▸ AIM OF THE EXERCISE
In the material below, begin at the line that has "Soft drink in", stop after the line that has "Данный менеджер шрифтов", and transcribe those lines exactly, without pictures.

▸ EXTRACTED INFORMATION
□ □ □ □
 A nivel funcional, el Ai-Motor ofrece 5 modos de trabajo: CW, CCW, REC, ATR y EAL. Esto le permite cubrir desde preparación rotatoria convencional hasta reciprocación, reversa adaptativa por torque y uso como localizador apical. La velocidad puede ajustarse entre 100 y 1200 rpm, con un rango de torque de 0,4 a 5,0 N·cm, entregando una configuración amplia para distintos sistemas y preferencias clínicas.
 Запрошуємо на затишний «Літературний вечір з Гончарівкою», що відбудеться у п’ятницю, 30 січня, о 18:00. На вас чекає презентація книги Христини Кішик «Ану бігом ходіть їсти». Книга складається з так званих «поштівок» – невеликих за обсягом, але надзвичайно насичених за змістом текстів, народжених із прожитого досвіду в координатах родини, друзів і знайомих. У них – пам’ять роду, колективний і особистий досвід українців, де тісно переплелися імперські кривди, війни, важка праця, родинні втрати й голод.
□ □ □ □
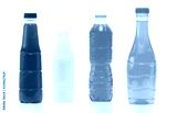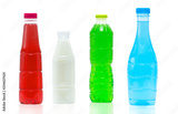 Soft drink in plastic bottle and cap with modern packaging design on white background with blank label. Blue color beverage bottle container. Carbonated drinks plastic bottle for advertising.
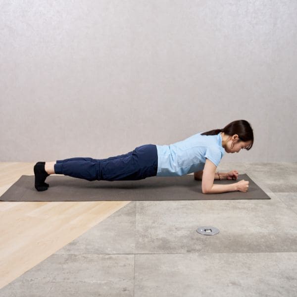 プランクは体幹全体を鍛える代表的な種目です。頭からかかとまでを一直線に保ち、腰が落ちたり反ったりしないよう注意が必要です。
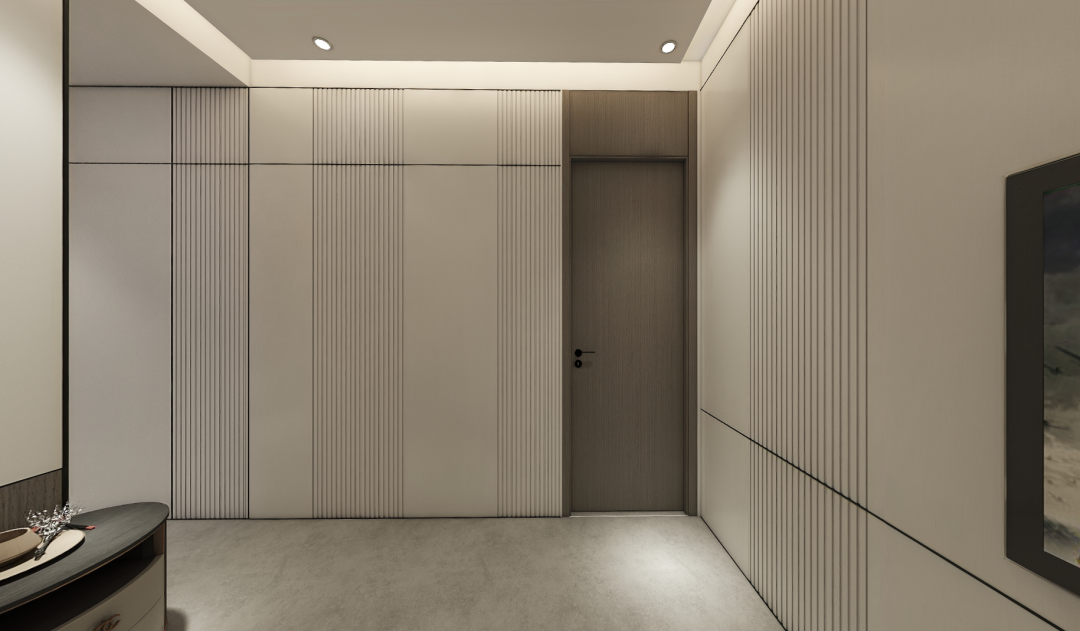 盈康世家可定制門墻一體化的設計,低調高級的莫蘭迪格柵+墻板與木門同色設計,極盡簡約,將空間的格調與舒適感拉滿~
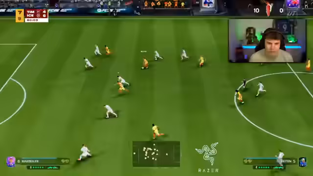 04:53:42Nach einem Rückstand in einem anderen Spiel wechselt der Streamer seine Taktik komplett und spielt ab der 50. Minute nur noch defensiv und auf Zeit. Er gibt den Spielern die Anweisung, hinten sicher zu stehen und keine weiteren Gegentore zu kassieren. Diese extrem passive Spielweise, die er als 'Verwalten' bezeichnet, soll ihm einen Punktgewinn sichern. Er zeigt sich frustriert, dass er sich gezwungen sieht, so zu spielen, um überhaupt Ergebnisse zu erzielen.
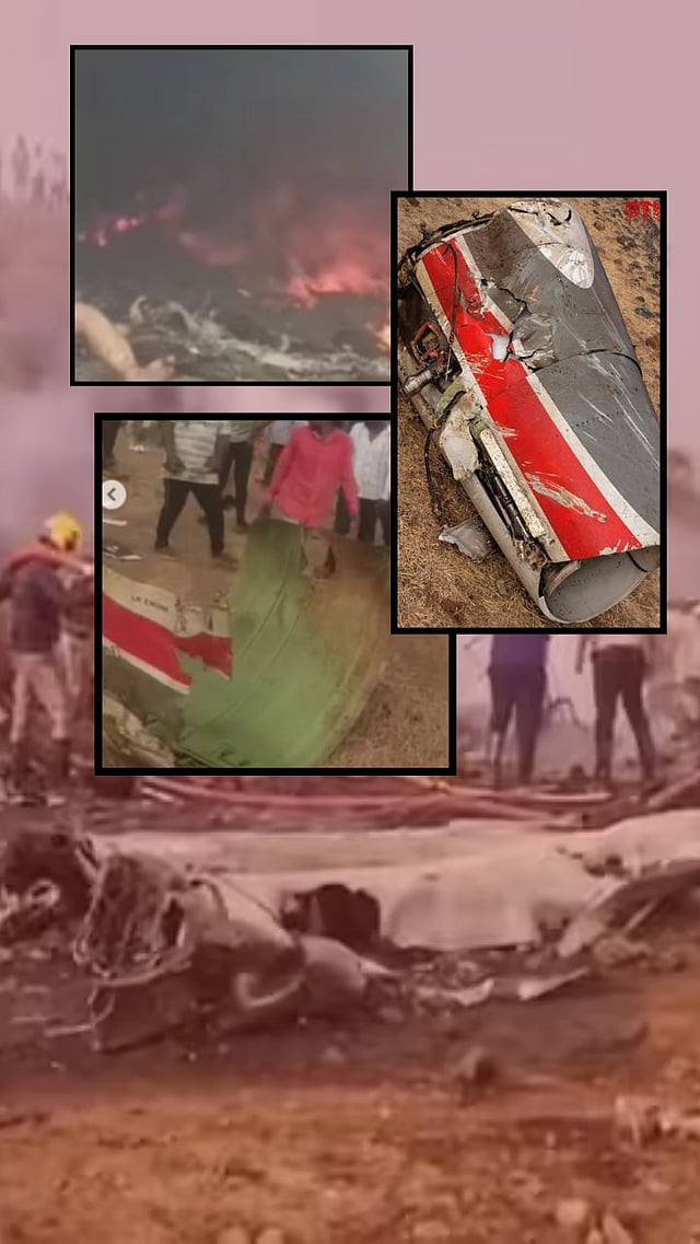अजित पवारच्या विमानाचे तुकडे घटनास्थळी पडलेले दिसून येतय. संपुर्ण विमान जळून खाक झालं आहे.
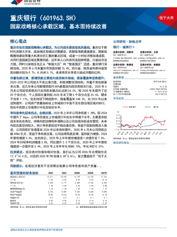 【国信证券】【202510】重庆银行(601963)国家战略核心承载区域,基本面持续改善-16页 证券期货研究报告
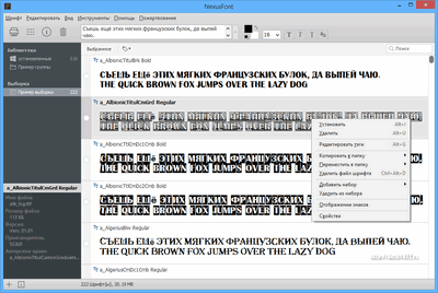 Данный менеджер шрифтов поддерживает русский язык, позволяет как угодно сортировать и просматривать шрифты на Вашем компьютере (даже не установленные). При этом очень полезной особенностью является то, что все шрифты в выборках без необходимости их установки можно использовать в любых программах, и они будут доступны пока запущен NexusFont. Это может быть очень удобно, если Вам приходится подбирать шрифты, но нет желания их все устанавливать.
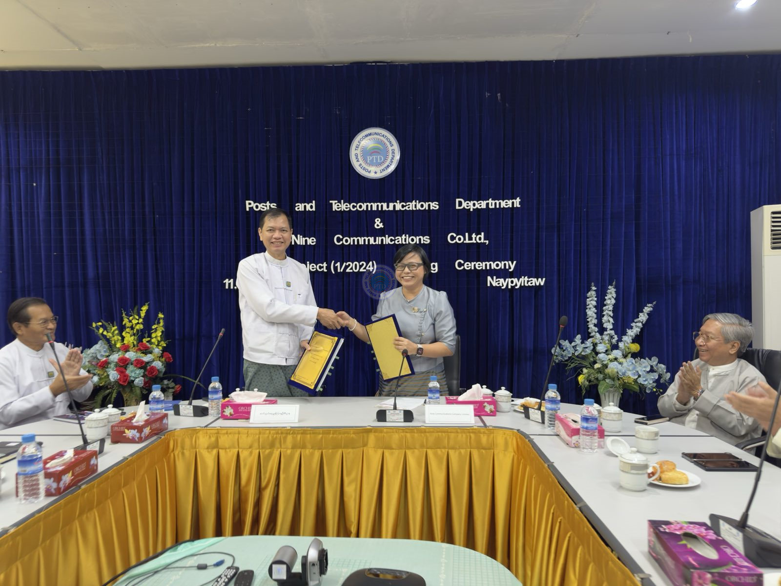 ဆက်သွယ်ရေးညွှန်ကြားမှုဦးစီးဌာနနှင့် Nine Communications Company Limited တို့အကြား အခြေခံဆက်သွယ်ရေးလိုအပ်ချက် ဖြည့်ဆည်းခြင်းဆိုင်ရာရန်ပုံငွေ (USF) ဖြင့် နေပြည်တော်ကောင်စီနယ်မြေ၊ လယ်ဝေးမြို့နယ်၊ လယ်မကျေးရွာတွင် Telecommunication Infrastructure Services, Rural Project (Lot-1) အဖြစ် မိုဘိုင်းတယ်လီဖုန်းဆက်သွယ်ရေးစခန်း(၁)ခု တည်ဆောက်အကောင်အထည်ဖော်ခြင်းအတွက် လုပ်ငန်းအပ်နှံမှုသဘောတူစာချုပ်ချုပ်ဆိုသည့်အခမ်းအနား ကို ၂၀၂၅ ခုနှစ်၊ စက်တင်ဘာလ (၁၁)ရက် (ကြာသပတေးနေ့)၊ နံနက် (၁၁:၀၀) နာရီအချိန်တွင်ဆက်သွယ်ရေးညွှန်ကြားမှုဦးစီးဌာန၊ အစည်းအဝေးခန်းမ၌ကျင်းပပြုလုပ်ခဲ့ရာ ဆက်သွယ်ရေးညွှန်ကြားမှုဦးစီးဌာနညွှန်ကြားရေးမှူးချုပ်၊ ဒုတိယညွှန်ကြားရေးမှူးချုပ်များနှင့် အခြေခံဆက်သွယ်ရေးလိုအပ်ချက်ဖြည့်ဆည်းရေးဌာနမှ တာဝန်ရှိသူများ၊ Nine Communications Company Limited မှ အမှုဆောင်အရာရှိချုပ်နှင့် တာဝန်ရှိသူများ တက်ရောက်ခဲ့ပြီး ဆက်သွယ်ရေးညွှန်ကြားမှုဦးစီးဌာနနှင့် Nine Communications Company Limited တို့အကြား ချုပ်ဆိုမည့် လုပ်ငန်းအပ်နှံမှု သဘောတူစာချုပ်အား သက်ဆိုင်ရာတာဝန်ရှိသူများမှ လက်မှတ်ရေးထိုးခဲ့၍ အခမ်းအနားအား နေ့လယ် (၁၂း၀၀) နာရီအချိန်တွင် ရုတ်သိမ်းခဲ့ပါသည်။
□ □ □ □
▸ REPLY
 Soft drink in plastic bottle and cap with modern packaging design on white background with blank label. Blue color beverage bottle container. Carbonated drinks plastic bottle for advertising.
 プランクは体幹全体を鍛える代表的な種目です。頭からかかとまでを一直線に保ち、腰が落ちたり反ったりしないよう注意が必要です。
 盈康世家可定制門墻一體化的設計,低調高級的莫蘭迪格柵+墻板與木門同色設計,極盡簡約,將空間的格調與舒適感拉滿~
 04:53:42Nach einem Rückstand in einem anderen Spiel wechselt der Streamer seine Taktik komplett und spielt ab der 50. Minute nur noch defensiv und auf Zeit. Er gibt den Spielern die Anweisung, hinten sicher zu stehen und keine weiteren Gegentore zu kassieren. Diese extrem passive Spielweise, die er als 'Verwalten' bezeichnet, soll ihm einen Punktgewinn sichern. Er zeigt sich frustriert, dass er sich gezwungen sieht, so zu spielen, um überhaupt Ergebnisse zu erzielen.
अजित पवारच्या विमानाचे तुकडे घटनास्थळी पडलेले दिसून येतय. संपुर्ण विमान जळून खाक झालं आहे.
 【国信证券】【202510】重庆银行(601963)国家战略核心承载区域,基本面持续改善-16页 证券期货研究报告
 Данный менеджер шрифтов поддерживает русский язык, позволяет как угодно сортировать и просматривать шрифты на Вашем компьютере (даже не установленные). При этом очень полезной особенностью является то, что все шрифты в выборках без необходимости их установки можно использовать в любых программах, и они будут доступны пока запущен NexusFont. Это может быть очень удобно, если Вам приходится подбирать шрифты, но нет желания их все устанавливать.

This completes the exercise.